Lúcio Flávio Pinto, four-time winner of Brazil's most important journalism award, the Esso, said he would no longer appeal the libel lawsuit in which he was sentenced to pay roughly $4,600 in moral damages for articles accusing the owner of a company of landgrabbing in Pará, a region in northern Brazil, according to the newspaper Estado de S. Paulo.
The lawsuit stemmed from a report in the newspaper, Jornal Pessoal, for which Pinto is the editor, in which he calls company executive Cecílio do Rego Monteiro a “land pirate." The amount of compensation, however, has not yet been reviewed and could increase considerably.
Without financial means to continue the legal battle after facing more than 33 lawsuits, the journalist decided that he would drop the appeal, which was to be heard by the Brazilian Supreme Court before Feb. 28, reported the newspaper o Diário do Grande ABC.

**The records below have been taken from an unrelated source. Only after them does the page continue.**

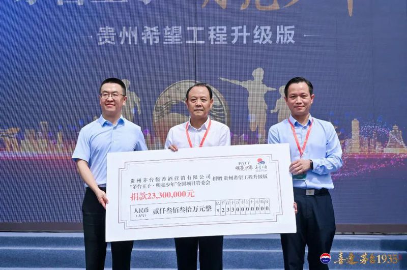 活动现场,“茅台王子·明亮少年”贵州希望工程升级版捐赠仪式同时举行,在多方代表的见证下,茅台酱香酒公司再次点亮公益之光。
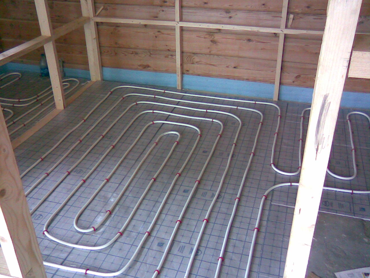 - В том случае, если отопительная система монтируется в легких каркасных строениях – труб можно прокладывать в пазах плит слоя теплоизоляции.
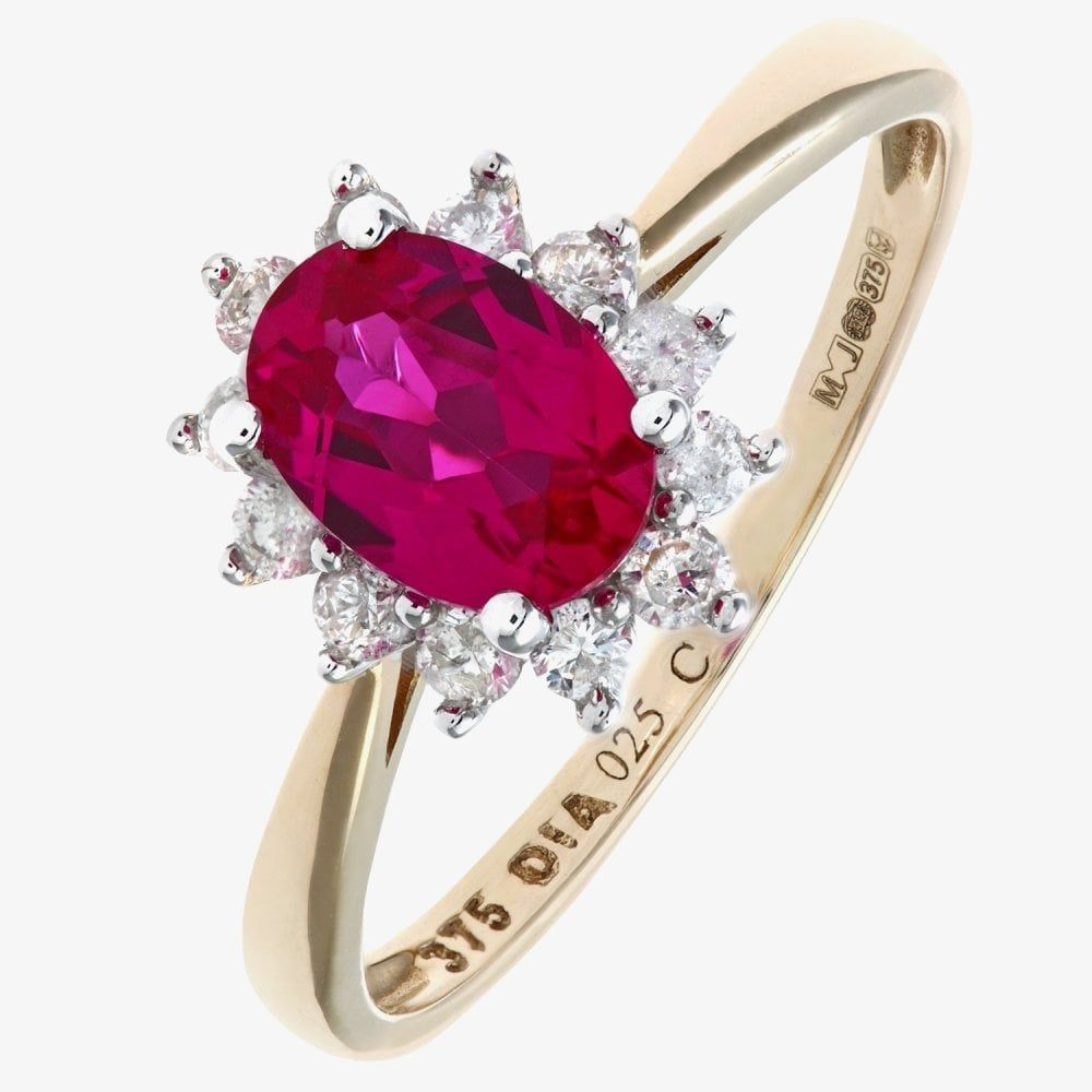 This beautiful cluster ring is crafted in 9ct yellow gold & features an oval ruby centre stone with a sparkling diamond surround which has a total carat weight of 0.25ct. This ring is a perfect stand-alone piece or ideal for layering & combining with other rings to create your own unique look.

“I would still be submitting myself to a court in which I no longer have any faith," said Pinto in his blog, referring to the Court of Justice of Pará, where a substitute judge who presided for a single day evaluated the 400-page suit and convicted him, according to the newspaper o Estadão.
After the lower court denied the appeal, and it was slated to be heard before the Supreme Court, the journalist received the support of press colleagues from many news sites and blogs, who published a manifesto of solidarity which included a fund to help pay the charges.
Beyond the sentence to pay moral damages, Pinto will lose his status as defendant and will be forced to face the other lawsuits that have accumulated during his career, the majority of which center around denouncing corruption, illegal deforestation, and wood trafficking in the Amazon, reported the newspaper o Portal Amazônia.